App Modularization and Module Lazy Loading at Instagram and Beyond
Article Summary
Instagram's app was getting bloated. More engineers, more features, slower cold starts, and ballooning app size threatened the lean experience users loved.
The Instagram engineering team tackled this by modularizing their codebase and implementing lazy loading for feature modules. This 2017 article breaks down their approach to keeping the app fast as it scales, focusing primarily on Android implementation.
Key Takeaways
- Modularization creates strict boundaries between features to prevent unnecessary code loading at startup
- Lazy loaded modules compile to separate dex files, loaded only when needed
- On Dalvik, this approach reduces multidex performance penalties significantly
- Instagram open sourced their framework: ig-lazy-module-loader on GitHub
- Modules load with under 50ms latency at p99, enabling seamless user experience
By separating features into lazily loaded modules, Instagram improved cold start times, reduced disk footprint, and maintained developer velocity as the codebase grew.
About This Article
Instagram was dealing with four scaling issues. The app was getting bigger to download from the store, it took longer to start up and become interactive, it used more disk space, and the growing codebase made it harder for developers to work quickly.
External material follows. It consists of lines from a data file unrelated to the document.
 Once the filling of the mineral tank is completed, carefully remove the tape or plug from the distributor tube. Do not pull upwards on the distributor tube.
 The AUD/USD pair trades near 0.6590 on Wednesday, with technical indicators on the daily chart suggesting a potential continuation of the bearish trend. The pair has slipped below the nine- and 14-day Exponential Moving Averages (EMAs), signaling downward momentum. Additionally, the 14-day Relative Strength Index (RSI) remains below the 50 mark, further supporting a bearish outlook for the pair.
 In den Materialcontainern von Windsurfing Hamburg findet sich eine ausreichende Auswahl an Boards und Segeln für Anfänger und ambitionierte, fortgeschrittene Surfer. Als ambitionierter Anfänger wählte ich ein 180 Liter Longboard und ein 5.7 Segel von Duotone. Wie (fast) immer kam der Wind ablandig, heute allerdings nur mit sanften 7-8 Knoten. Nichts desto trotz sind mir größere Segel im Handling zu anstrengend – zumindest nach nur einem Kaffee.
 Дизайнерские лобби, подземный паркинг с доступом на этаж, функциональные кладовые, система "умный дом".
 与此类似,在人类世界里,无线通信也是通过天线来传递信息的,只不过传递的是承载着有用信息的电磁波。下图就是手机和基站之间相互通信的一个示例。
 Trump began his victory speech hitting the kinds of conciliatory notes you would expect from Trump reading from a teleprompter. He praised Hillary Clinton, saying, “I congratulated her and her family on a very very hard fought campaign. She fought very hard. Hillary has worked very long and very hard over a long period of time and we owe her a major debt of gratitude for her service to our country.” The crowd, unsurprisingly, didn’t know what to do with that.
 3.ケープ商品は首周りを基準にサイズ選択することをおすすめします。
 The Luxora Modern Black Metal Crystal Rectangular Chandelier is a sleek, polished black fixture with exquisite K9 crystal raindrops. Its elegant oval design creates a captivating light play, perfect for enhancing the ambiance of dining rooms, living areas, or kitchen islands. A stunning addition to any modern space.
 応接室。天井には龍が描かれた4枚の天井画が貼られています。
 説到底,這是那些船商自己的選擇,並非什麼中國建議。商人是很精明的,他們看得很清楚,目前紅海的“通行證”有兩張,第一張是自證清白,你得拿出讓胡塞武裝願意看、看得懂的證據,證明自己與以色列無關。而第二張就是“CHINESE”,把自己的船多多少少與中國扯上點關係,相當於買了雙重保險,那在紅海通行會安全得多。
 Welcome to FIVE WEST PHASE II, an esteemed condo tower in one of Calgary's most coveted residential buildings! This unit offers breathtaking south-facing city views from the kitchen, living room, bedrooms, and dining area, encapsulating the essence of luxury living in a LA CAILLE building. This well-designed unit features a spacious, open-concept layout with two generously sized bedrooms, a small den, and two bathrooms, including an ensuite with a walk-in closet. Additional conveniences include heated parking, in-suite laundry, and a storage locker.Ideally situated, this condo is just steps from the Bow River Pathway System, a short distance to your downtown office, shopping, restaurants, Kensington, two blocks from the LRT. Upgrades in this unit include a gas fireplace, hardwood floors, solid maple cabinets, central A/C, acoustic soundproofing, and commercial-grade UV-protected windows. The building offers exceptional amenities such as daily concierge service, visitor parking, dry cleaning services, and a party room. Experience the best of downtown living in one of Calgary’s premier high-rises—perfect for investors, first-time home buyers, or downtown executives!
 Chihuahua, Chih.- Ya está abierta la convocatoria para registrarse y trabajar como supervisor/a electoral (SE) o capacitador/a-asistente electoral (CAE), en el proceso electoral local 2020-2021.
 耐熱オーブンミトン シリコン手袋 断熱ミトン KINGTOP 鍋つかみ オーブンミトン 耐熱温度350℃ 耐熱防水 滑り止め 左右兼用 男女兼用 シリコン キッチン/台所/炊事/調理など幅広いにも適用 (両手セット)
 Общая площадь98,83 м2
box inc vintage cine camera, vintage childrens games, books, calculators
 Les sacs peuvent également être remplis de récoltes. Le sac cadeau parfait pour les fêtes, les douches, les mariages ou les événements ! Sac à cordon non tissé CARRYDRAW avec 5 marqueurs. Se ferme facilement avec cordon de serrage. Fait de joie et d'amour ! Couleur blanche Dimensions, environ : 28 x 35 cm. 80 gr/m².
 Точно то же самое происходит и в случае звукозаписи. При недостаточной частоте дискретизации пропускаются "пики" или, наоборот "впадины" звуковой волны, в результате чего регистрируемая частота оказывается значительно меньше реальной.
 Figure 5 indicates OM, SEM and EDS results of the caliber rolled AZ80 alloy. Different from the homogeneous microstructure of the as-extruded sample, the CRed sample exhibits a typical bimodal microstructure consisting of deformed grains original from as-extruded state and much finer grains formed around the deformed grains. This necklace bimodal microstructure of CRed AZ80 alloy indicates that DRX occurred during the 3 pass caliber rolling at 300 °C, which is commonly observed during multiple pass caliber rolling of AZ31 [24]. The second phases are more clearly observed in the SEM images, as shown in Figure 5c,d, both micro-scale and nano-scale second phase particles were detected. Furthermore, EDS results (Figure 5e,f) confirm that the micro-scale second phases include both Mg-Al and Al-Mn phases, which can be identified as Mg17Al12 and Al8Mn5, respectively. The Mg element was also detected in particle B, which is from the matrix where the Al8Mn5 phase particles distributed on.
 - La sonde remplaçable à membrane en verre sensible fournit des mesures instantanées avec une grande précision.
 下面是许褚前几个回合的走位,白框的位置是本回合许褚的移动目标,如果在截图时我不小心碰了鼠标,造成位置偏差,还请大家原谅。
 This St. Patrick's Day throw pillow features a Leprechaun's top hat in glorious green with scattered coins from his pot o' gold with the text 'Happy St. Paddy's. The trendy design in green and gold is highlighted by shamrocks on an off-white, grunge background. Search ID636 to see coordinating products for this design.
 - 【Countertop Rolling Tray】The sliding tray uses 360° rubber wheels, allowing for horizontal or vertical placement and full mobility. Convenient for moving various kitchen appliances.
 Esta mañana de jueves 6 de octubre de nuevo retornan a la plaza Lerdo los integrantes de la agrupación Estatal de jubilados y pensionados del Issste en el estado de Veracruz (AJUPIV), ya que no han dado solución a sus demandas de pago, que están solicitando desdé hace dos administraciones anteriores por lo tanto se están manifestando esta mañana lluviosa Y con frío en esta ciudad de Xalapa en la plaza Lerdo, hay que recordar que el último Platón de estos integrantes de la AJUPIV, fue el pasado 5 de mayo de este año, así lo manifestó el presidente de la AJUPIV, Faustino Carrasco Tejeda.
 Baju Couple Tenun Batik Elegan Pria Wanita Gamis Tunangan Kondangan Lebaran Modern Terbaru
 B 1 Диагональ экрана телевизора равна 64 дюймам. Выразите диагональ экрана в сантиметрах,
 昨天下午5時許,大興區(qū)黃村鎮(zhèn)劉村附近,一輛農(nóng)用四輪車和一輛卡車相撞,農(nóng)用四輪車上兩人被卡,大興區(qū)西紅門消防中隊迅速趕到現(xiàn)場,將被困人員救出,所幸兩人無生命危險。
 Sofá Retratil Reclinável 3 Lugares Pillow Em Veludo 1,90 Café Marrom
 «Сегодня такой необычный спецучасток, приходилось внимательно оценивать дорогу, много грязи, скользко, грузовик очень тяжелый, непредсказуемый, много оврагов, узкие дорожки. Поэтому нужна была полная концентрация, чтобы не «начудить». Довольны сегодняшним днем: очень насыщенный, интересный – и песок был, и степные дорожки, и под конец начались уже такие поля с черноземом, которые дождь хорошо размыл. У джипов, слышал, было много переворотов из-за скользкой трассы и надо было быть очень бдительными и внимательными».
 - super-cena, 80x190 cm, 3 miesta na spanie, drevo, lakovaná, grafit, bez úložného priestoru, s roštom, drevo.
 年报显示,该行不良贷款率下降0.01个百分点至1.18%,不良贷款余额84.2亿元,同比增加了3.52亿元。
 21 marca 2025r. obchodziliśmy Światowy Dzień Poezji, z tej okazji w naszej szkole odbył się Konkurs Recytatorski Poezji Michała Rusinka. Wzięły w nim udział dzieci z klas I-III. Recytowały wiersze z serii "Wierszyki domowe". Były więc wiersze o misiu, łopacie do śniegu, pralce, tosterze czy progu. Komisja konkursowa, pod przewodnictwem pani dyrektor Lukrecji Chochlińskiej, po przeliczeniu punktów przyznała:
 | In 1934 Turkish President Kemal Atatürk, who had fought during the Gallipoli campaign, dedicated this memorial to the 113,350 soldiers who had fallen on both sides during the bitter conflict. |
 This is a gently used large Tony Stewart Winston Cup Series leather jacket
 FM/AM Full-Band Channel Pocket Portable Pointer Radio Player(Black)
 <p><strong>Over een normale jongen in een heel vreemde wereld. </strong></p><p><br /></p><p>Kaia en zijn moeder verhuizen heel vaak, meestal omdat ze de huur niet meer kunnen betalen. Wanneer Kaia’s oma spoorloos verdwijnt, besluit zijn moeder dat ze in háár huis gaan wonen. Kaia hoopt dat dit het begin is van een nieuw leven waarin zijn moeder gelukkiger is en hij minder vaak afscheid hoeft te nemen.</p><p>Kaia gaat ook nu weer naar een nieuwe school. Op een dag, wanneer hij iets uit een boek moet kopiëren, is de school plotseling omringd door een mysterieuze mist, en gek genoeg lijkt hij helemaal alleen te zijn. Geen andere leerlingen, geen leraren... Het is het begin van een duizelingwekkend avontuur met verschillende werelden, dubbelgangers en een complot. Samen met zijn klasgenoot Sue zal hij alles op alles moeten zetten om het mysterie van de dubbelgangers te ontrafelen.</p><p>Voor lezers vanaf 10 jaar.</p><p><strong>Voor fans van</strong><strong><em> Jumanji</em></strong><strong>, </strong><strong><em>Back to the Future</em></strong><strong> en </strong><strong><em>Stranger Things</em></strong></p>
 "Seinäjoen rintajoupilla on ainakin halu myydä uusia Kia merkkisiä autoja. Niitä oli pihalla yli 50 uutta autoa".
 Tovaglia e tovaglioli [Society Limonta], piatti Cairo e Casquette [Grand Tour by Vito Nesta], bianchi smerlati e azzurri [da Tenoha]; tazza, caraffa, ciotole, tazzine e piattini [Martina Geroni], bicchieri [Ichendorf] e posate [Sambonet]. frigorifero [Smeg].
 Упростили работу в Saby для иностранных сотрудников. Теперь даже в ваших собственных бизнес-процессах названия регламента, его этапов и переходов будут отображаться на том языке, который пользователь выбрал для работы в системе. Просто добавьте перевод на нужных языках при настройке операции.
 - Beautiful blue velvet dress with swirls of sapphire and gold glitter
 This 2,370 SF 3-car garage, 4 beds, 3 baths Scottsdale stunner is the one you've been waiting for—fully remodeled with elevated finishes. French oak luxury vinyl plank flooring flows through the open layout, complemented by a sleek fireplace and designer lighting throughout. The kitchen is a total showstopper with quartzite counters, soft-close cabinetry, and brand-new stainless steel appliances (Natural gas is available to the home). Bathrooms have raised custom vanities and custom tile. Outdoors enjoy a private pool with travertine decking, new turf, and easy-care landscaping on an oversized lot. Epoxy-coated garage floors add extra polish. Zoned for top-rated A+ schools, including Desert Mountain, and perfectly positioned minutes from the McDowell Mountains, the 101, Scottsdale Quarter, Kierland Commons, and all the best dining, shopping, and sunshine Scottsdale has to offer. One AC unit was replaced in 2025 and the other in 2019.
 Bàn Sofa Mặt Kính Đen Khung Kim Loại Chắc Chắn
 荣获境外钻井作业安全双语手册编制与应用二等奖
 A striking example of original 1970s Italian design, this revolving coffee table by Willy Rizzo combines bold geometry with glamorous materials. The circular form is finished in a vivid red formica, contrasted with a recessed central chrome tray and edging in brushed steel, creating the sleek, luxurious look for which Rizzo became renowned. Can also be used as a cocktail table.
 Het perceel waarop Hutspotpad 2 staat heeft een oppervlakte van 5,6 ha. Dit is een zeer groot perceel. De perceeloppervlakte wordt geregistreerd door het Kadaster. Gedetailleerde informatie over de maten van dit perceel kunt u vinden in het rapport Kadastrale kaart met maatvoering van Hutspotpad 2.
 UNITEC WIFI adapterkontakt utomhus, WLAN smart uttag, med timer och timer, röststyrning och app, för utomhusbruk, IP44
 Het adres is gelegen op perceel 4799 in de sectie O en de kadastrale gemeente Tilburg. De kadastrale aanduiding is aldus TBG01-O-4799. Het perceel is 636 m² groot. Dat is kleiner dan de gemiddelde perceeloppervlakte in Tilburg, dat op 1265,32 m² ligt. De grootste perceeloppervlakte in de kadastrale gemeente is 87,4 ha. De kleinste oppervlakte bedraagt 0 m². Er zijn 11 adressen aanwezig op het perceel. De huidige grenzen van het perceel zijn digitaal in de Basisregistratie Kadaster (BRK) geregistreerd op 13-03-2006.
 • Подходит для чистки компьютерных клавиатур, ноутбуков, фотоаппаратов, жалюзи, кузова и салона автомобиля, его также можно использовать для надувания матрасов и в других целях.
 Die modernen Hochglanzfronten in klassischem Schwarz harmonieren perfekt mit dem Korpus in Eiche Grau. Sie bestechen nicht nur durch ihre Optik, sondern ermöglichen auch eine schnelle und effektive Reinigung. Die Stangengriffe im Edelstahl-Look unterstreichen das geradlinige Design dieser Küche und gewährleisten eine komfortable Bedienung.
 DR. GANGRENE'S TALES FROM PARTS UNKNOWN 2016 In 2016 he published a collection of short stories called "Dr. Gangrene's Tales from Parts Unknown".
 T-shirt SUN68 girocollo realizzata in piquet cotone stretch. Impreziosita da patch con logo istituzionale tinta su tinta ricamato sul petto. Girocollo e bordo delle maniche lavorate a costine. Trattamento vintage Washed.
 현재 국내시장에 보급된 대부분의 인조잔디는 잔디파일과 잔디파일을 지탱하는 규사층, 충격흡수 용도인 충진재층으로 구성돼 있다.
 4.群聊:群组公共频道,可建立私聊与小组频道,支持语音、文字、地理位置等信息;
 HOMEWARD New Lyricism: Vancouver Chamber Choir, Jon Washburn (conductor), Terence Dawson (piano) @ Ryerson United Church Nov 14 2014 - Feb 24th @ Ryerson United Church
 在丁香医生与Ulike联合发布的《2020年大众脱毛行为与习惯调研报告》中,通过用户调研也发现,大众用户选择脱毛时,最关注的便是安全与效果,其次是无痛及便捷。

Instagram engineers broke the app into isolated modules, then compiled each module into separate dex files. They used lazy loading so features only loaded when users got close to or opened them. Developers could also swap modules during iteration without rebuilding everything.
Lazy loading moved methods out of the main dex file, which reduced the overhead from Dalvik multidex. Feature code ended up clustered together in memory for better performance. The team could also ship different feature sets to different users, which made the initial app smaller.